I switched to the Black Gold Ascent last year and flat out love it! Bomber construction, very bright pins and the slider is very functional if nothing else because it doesn't make a "CLICK" noise like the sure-loc that my buddy has when you're moving and then setting it in place. With the Ascent just turn the knob and the resistance of the knob holds it in place even if you don't tighten down the arm. I went with a 4 pin slider so I have 20, 30, 40 ,50 fixed. IMHO, best site for the dollar.


----------



## ForkhornKiiller9000 (Jul 27, 2009)

I decided to go with the black gold ascent st. 5 pin. Now my next question is what's the best way to sight in a slider sight. And should I invest in a sight tape program.


----------



## Guest (Jun 22, 2011)

ForkhornKiiller9000 said:


> I decided to go with the black gold ascent st. 5 pin. Now my next question is what's the best way to sight in a slider sight. And should I invest in a sight tape program.

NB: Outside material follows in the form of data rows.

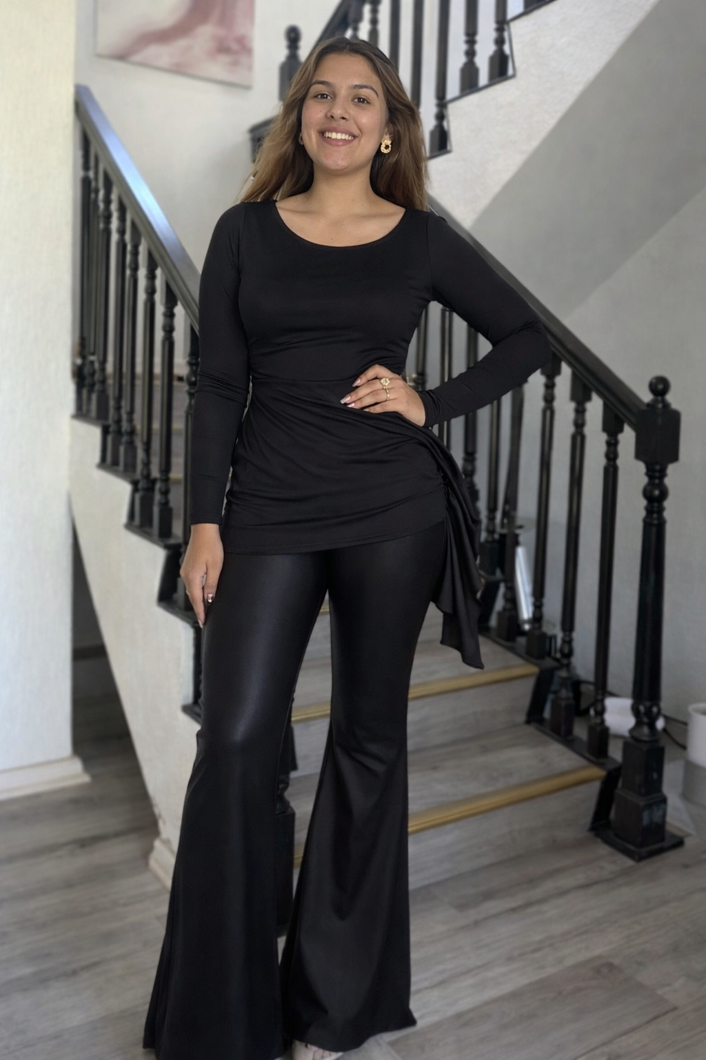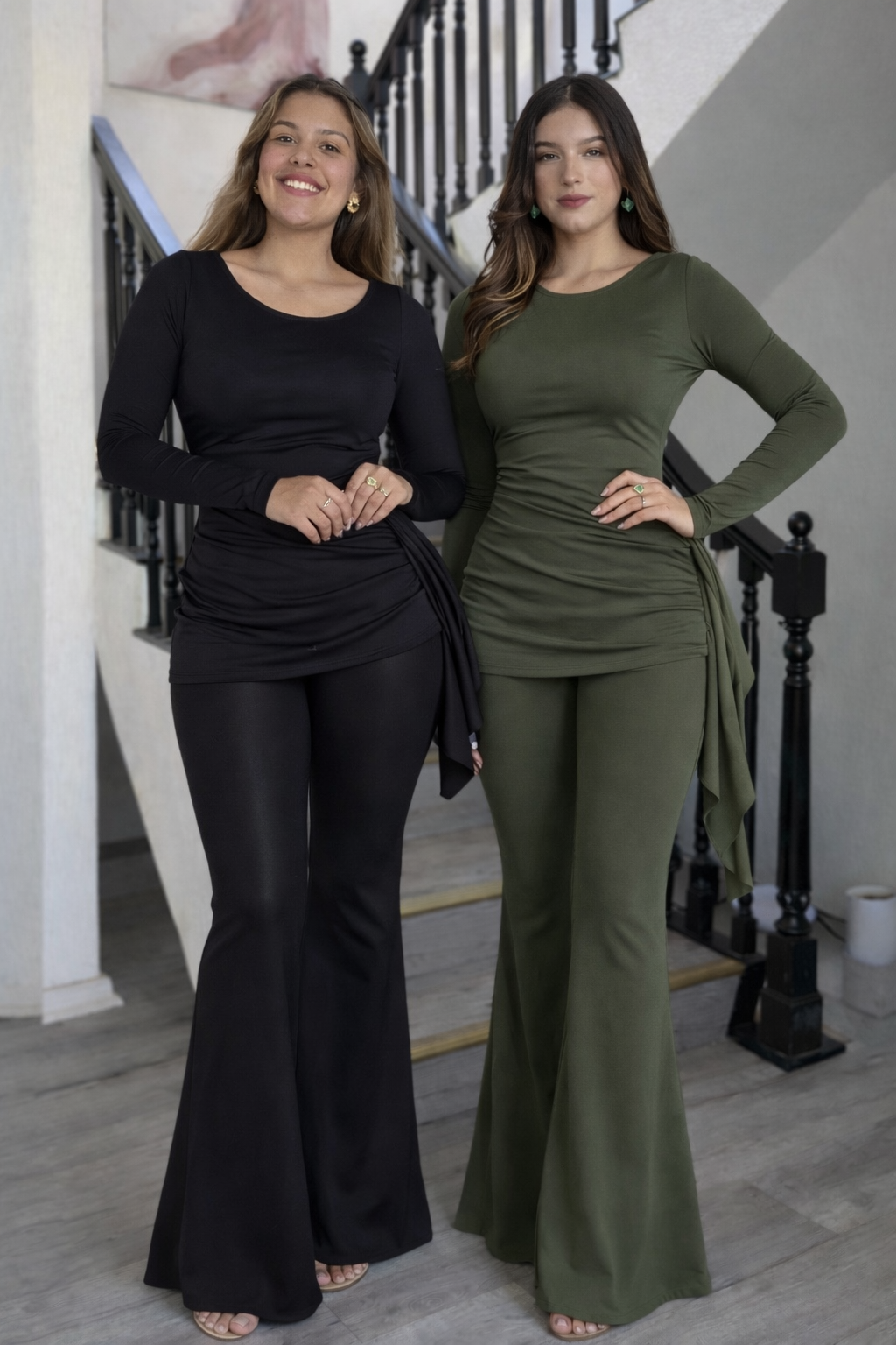 Su diseño incluye un top de manga larga con escote redondo y fruncido lateral que ayuda a estilizar la silueta, junto a un pantalón maxi flare que alarga visualmente las piernas y crea un look equilibrado y elegante.
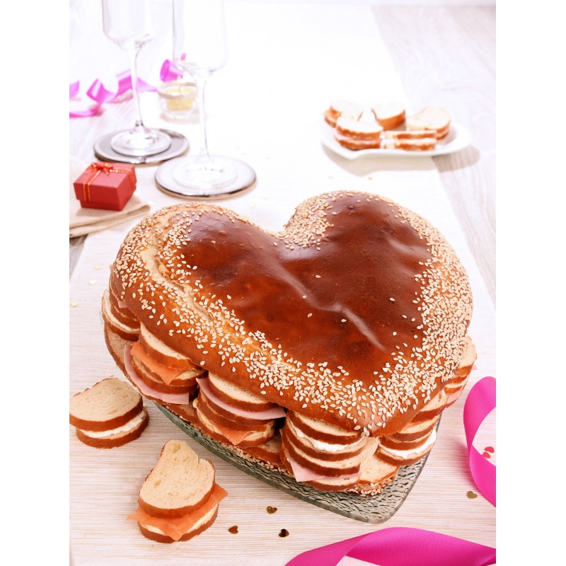 Pour l'apéritif, un délicieux pain surprise en pâte à Bretzel, en forme de feuille, garni généreusement de 60 toasts variés :
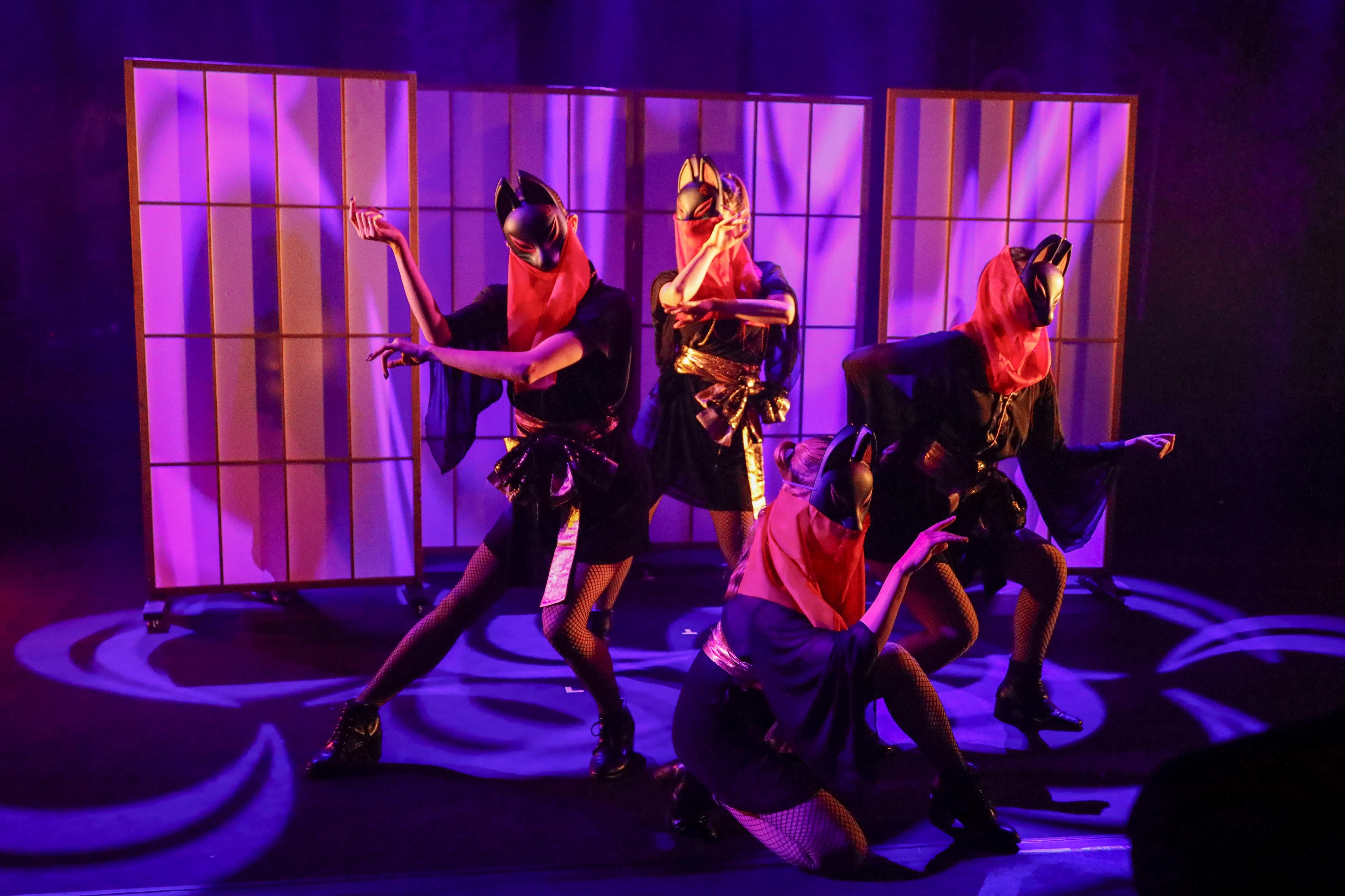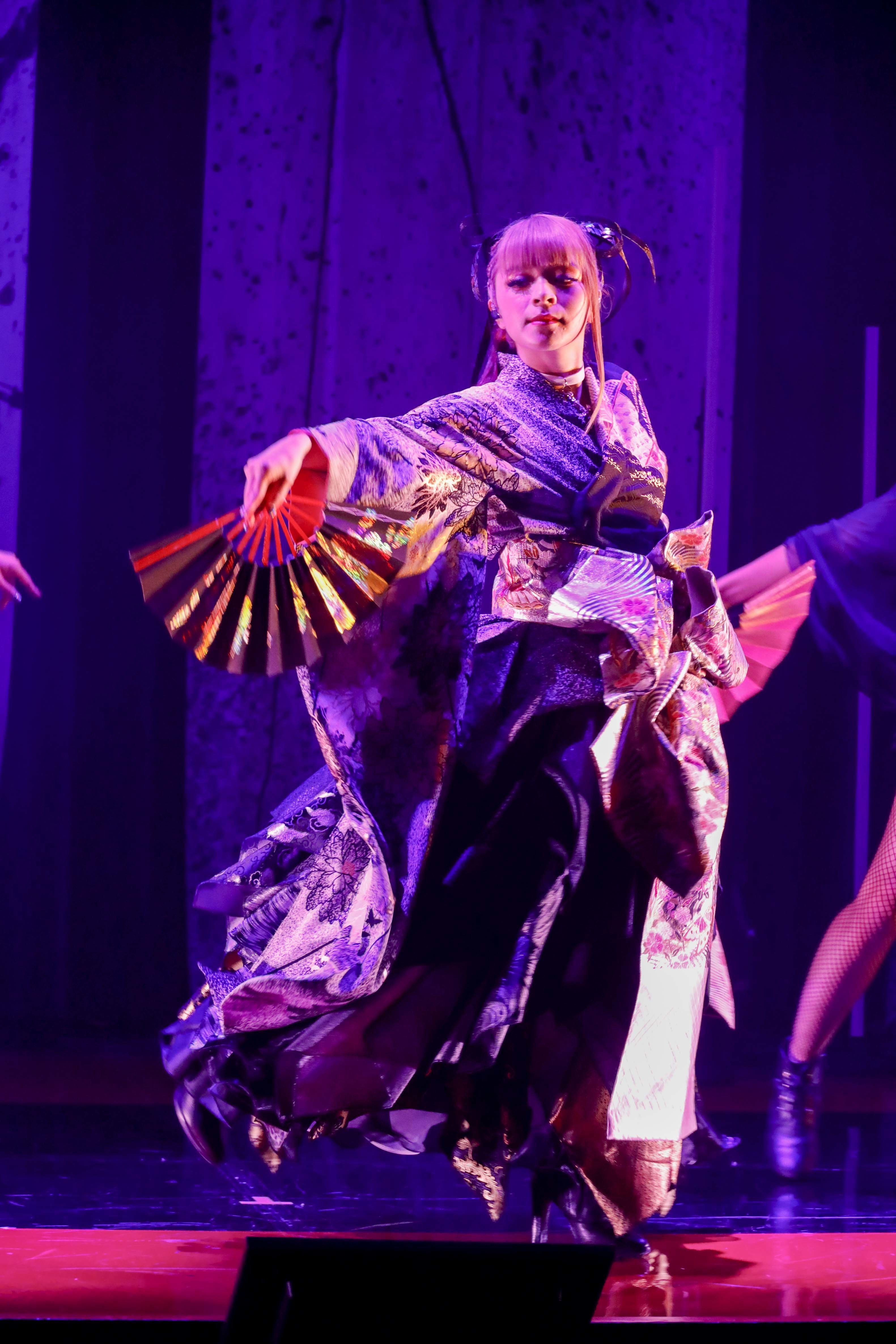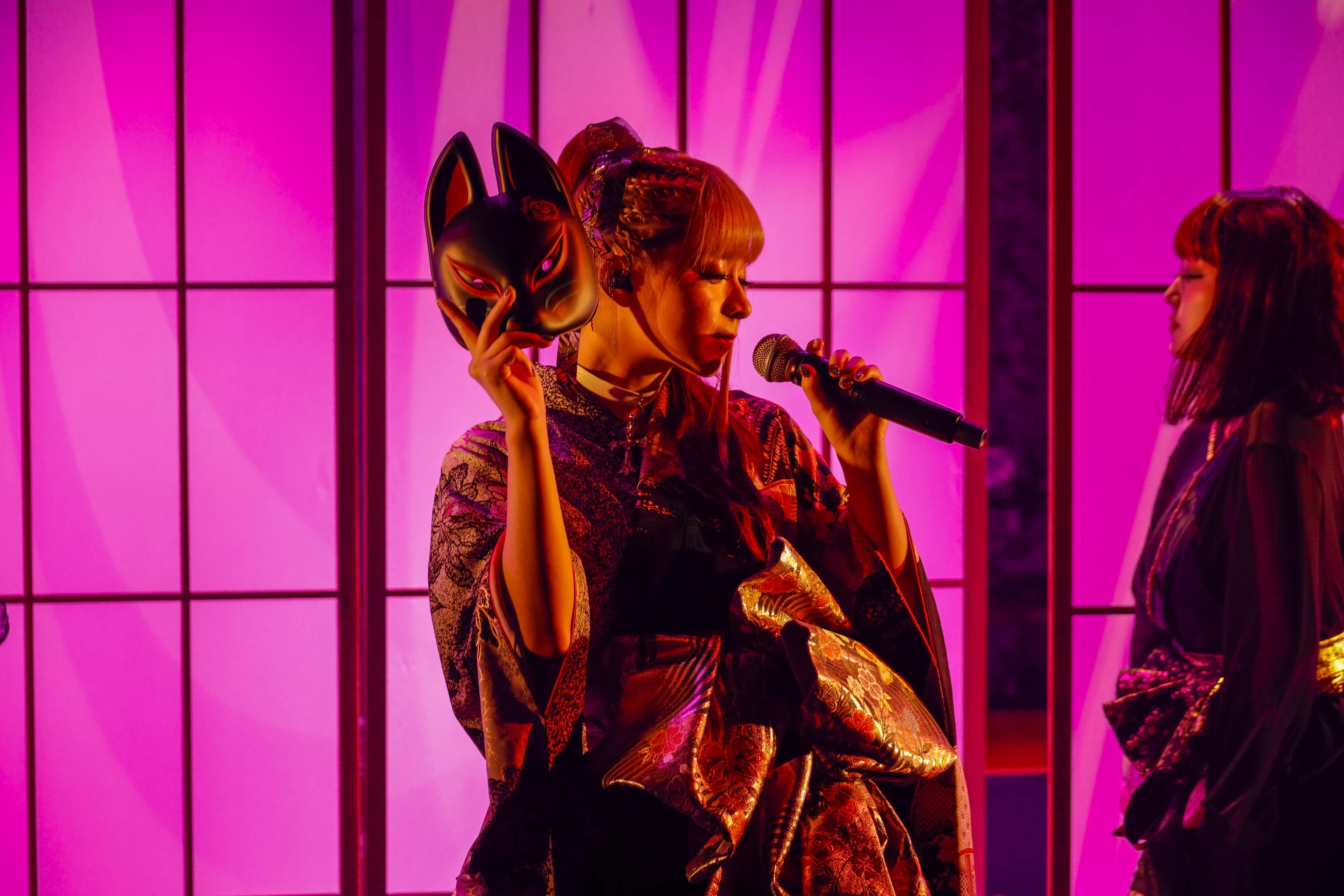 ライブ会場は、当然ながら無観客。しかし今回のライブはそれを逆手に取り、本来ならば客が座っているステージ前の空間まで広々と使ってライブは行われた。ステージの前に並ぶ障子を前に、流れるオープニングSEに合わせて踊る、和の衣装とキツネ面のダンサーたち。やがてステージに現れる、煌びやかな衣装に身を包んだメイリア。音楽も、衣装も、舞台も、和の要素をふんだんに盛り込んだ『東京紅夜』がいよいよ開催される。

most archery shops will already have to sight tape program and for a small fee, will do everything for you and get a chart all made up.


----------



## stablebuck (Nov 22, 2007)

yeah you won't be disappointed with the Black Gold! I have a BG and a Sure-Loc and I love them both...I believe the BG may be a little more durable and lower profile...which is good if you are breaking a lot of trail like I do...


----------



## ForkhornKiiller9000 (Jul 27, 2009)

I'm a little confused on how to sight one of these in. Should I sight in the 5 pins at 20 30 40 50 60 then make the sight tape or do I make a sight tap first an use that as a reference.


----------



## stablebuck (Nov 22, 2007)

you will need to sight in for your 20 before you can APPLY your sight tape. you can make the sight tape whenever you want. I would find your 20 and then apply the sight tape and then make my vertical adjustments for 30, 40, 50, and 60. Then shoot those ranges and see how they line up against the sight tape in reality. It should be fairly close. You might need to make your own marks if actual position is different from the sight tape position.


----------



## ForkhornKiiller9000 (Jul 27, 2009)

Well I got it all tuned in. Alot easyer than I thought. I used archers advantage. But my info in printed a tape with out even shooting my bow and 10 min adjusting the sight and BAM dead on. This is the best sight. No need to slide the sight out to 60 yards but if you don't want to guess on a 36 yard shot you don't just slide it to 36. Simply awesome. So excited for the hunt. And shooting Alot during the pre season. Thanks everyone for the help and information.


----------